Page history last edited by Jon 15 years, 1 month ago

Christie, Agatha - The Big Four (1927)

 

There is also a book with this title by Edgar Wallace

 

Review by Nick Fuller

2/5

 

Nearly all the (soon-to-be formed) Detection Club rules are broken in this, Christie's worst book for some fifty years. Poirot faces a group of super-criminals — a fiendish Oriental, an American millionaire, a mad scientist ("mad — mad — mad with the madness of genius!") and "the destroyer," who are behind all the world problems: "the world-wide unrest, the labour troubles that beset every nation, and the revolutions that break out in some," as well as Lenin and Trotsky, "mere puppets whose every action was dictated by another's brain." Their ultimate goal is to use a laser beam to take over the world. The bulk of the book concerns various cases only tenuously linked (some of which are ingenious enough, e.g. "A Chess Problem"), but too many episodes are appropriate to a shilling shocker: e.g., Hastings, having refused a fiendish Oriental devil's order to lure Poirot into a trap on pain of death (with typical English understatement, "that Chinese devil meant business, I was sure of that. It was goodbye to the good old world"), capitulates when he learns that his wife will die by the Seventy Lingering Deaths. And so it gets sillier and sillier as it goes on, until, Poirot having died and come back from the dead as an imaginary brother, it ends with the Big Four blowing up the Dolomites in a mass suicide pact.


The Big Four is one I read 3 times, the last one over 20 years ago. “A Chess Problem”, the chapter which stands as a complete short story by itself, was read and additional 3 or more times.
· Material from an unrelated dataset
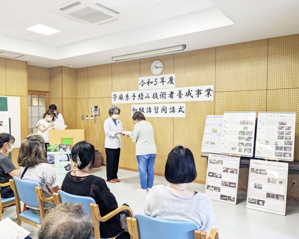 宮古苧麻績み保存会(漢那明美会長)の2023年度苧麻糸手績(ちょまいとてう)み技術者養成事業の初級講習開講式が13日、市伝統工芸品センターで行われた。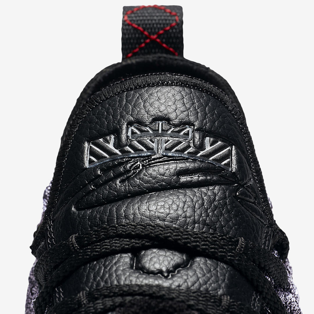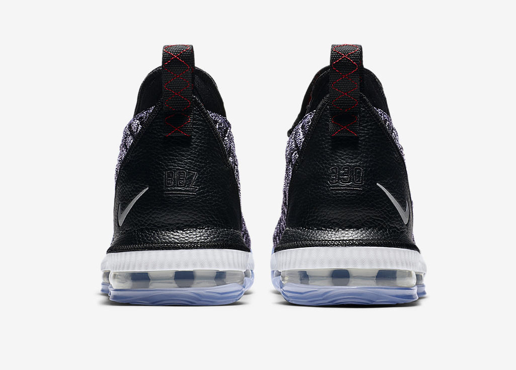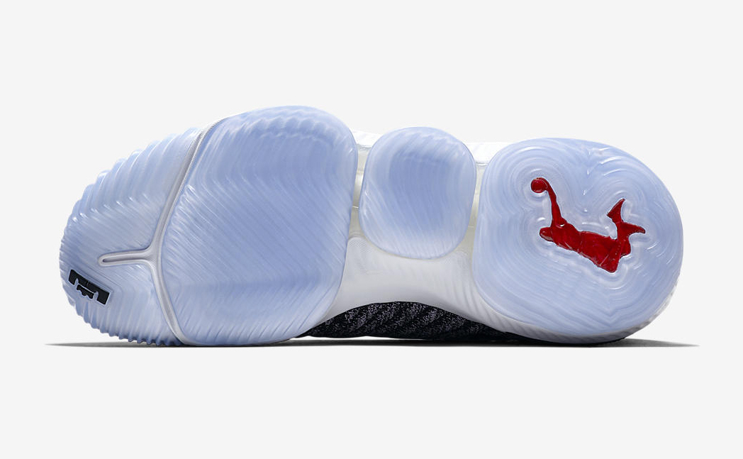 Un coloris qu’on retrouve sur tous les modèles de la firme de l’Oregon, à croire que certains dans les bureaux ont soit des actions chez Nabisco, soit développé une véritable addiction pour le biscuit. Bref, revenons-en à nos chaussures, on parlera goûter un autre jour. Les LeBron 16 s’affichent donc avec ce thème qui s’appuie sur du noir et du blanc. On retrouve ce mélange au niveau du Battleknit 2.0 qui recouvre la partie supérieure des pompes. Le renfort en cuir vers le talon est lui entièrement noir, tout comme la languette. La semelle intermédiaire laissant apparaître l’unité Zoom Air est blanche, alors que celle extérieure est translucide. Seul la silhouette de LeBron James dunkant tranche puisque ce logo se pointe en rouge.

My first read was in Spanish in the mid 1960s, one of 2 or 3 ACs read in my first language. In my “naivete” of those days, I re-read it in English, thinking that it would improve in its original language. Was I ever wrong!
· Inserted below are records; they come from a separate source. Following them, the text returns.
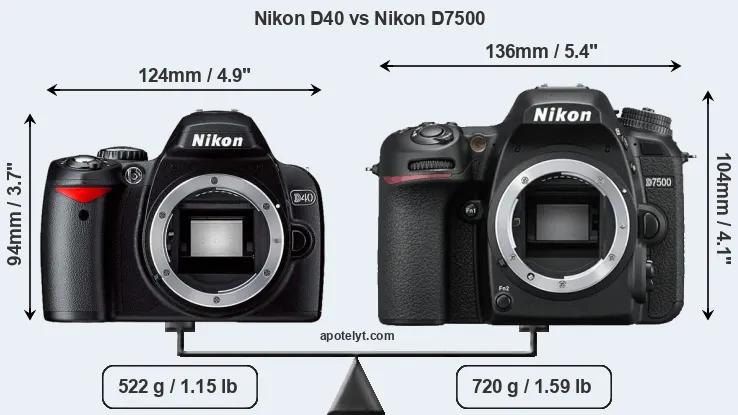 If the front view area (width x height) of the cameras is taken as an aggregate measure of their size, the Nikon D7500 is notably larger (21 percent) than the Nikon D40. Moreover, the D7500 is substantially heavier (38 percent) than the D40. It is noteworthy in this context that the D7500 is splash and dust-proof, while the D40 does not feature any corresponding weather-sealing.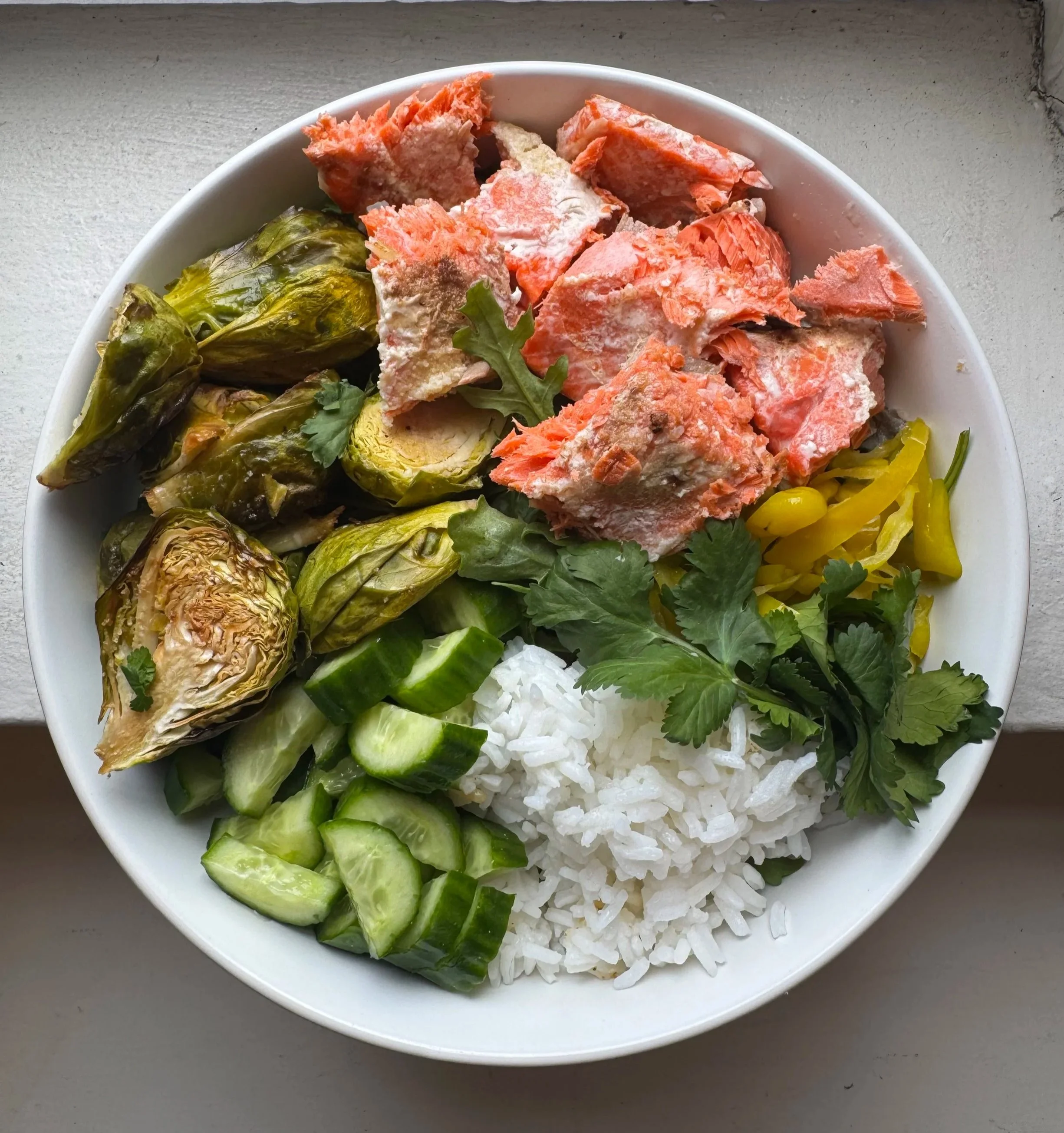 Top with salmon, Brussels sprouts, cucumber, pickled peppers, and herbs.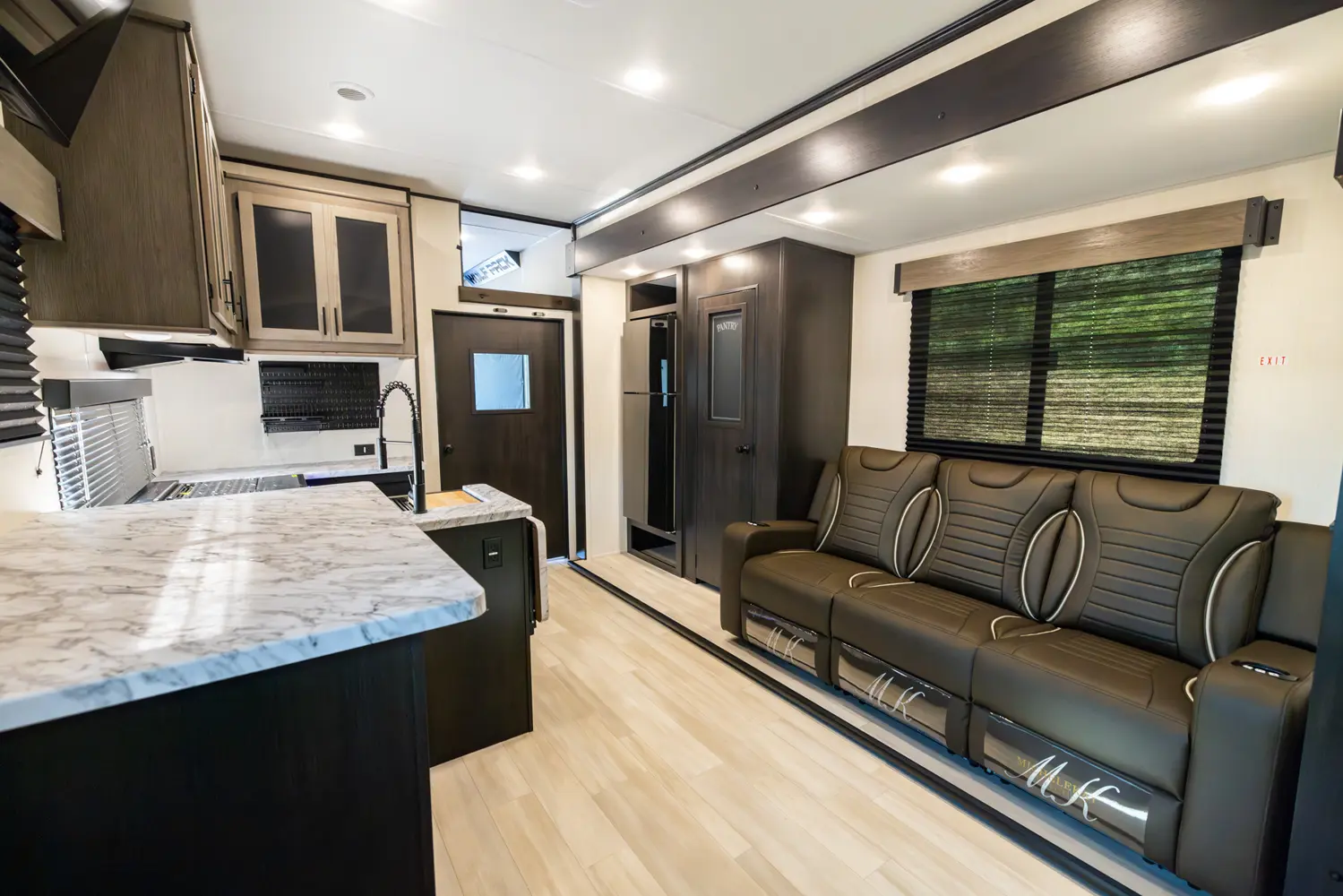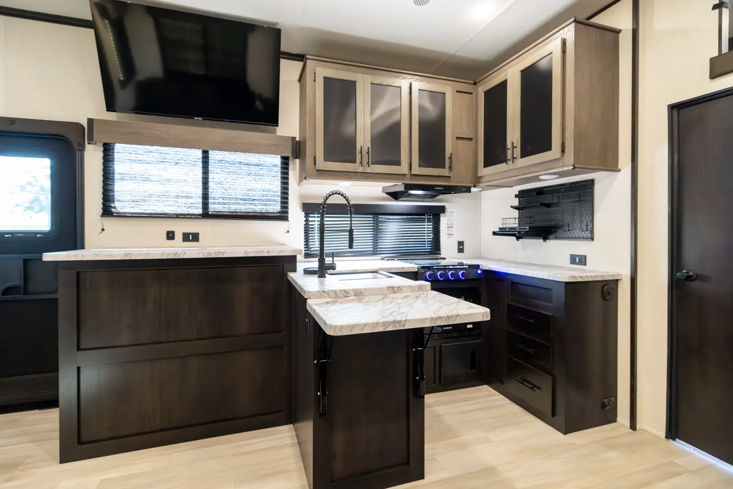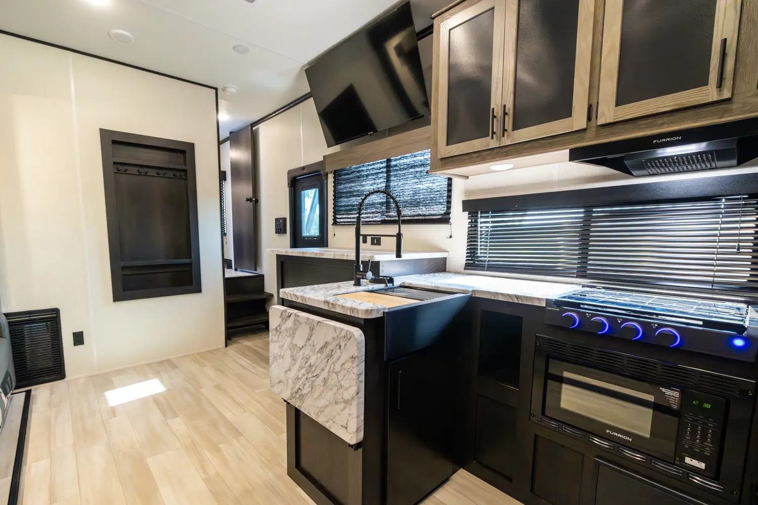Experience the ultimate in versatility and luxury with the Wolf Pack 360PACK15.5 Toy Hauler 5th Wheel by Forest River. This model boasts an expansive 15.5-foot garage, perfect for hauling your favorite toys, and features Wolf Pack's signature sliding glass door with oversized windows for natural light and outdoor views. The thoughtfully designed living area includes bar-top seating, a spacious kitchen with a flip-up counter extension for added prep space, and a generously sized pantry.

Over time, and with my third read, I came to appreciate this book as I realized AC did not mean it as a detective story, nor as one of her thriller/mysteries. I see in it the following:

1-       A main, ambitious re-telling of the Sherlock Holmes saga in a pastiched/parodied Poirot environment. Poirot is SH, Hastings, of course, is Watson, Japp is Lestrade – all these are obvious and not new. But the countess Vera is Poirot’s Irene Adler, the woman herself. The Big Four are, of course, Moriarty and his criminal organization. And the saga of Poirot’s death and resurrection recreate, in their away, the events in “The Final Problem” and “The Adventure of the Empty House”. And this is worked so that we have Achilles Poirot, the equivalent of Mycroft Holmes – the older,smarter, almost unknown brother! Of course, the French detective (Giraud, if my memory is OK) is a pastiche of the French detectives (Lecoq), who Holmes ridicules.

2-       The interesting thing is that AC may have started pastiching/parodying the Holmes saga with the first 2 novels; Hastings/Watson do not get a wife at the end of their 1st adventure and do get one at the end of the second!

3-       Along the way, there are some other pastiches of some mystery genre pioneers – one of the chapters/stories pays tribute very directly to Chesterton’s “The Invisible Man”. I do not have a copy of the book at hand, but recall some other “tributes” in other stories here.

4-       And, just in case, no, I am not confusing TBF with  the magnificent “Partners In Crime”!

5-       Finally, as a chess master (pardon the immodesty!), “A Chess Problem” incorporates the chess elements in the most intelligent way I have ever seen in a detective story! I have in the past shown this to different people who do not like detective fiction and all have liked it and were surprised how competently AC managed the chess factor!

So, if you try to judge “The Big Four” as a detective story, not merely as an Agatha Christie  detective story, you will be disappointed. If, however, you see it in a different vein, you might regard it in a different light!